I was watching this vid and thinking... An app for routine, set tracking, training volume and so on would help stay on track. Throw in some of your guides and it would be golden :)
Builtwithscience
The greatest Thumbnail i ever seen 😂😂
I always thought it was better to keep the muscles guessing by switching it up...
Thanks!
all videos are 10/10
Sound effects were done well ahaha
Jeremies favorite saying: get the most bang for your buck
I enjoyed the intro 😂😂😂
Please make a fitness app!! I want to follow your program but it’s kind of hard without an app
Make a video on :::I wish I knew this things when I started gyming
Guess what, today I measured my weight and lost weight again, when im trying to gain. And then this appears. Relevance is too damn precise
no cap the highlighted papers made me think u holding mini lightsabers 🤣🤞
I looked at your training program in BWS; does it include a printable training journal that I can take to the gym and fill out as I complete the workouts? Its too bad you cannot ask questions about the program on the BWS website.
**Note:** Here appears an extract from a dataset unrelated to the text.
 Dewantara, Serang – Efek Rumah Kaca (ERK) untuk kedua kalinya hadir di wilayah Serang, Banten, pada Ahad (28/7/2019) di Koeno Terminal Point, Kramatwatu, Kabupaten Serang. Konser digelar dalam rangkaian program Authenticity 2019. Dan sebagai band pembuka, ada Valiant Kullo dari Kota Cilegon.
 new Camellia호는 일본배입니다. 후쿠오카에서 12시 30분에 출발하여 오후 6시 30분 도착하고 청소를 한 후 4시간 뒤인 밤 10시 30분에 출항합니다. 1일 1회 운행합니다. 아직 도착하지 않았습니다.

Can’t believe I used 4-5 different chest and back exercises earlier in college, probably why my upper body developed way more than my arms lmaooo
Lmao I been doing these things just by instinct after months of not getting good results. Especially the last one, after realizing the workout routine that the gym coach gave me feel like bullshit ( he told me to do the flat bench press and then the flat dumbbell over and over) I'm happy to know I won't be wasting my time anymore
I focus on two parts of my muscle, legs and chest in a day, I always switch it up. I do four sets of each machine, all working different parts, and my footwork for my legs are different. So would you say I should still change it up or nah?
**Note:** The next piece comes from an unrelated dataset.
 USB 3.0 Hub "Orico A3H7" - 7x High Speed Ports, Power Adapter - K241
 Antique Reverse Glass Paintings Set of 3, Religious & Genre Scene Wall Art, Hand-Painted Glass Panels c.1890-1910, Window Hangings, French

I tried to chase social media physique the biggest mistake
I never tried to focus on behind the scenes of those physique
you forgot the PEDs and photoshop
Other fitness youtubers would photoshop themselves to look bigger, Jeremy is probably the only one who would make himself look smaller 😂
Damn you on his pp dawg
@@theslingnslashr1225 why are you like this
Jeremy has great advice followed by research to back it all up and has one of the best fitness channels out there but I cant get over how his body didnt improve in last few years not to mention that he isnt holding much muscle mass you would think that someone with this much knowledge would look better after so many years of training. Props to him for being natural but almost for everyone out there your natural limit is beyond this for sure
@@pauldjete7108 it all depends on genetics..
@@pauldjete7108 i don't think he's working out for body building tho
In my current workout plan I have some workouts that I do 15 reps of 4 sets, should I make it 13 instead to avoid junk volume or should I decrease the sets to 3 instead??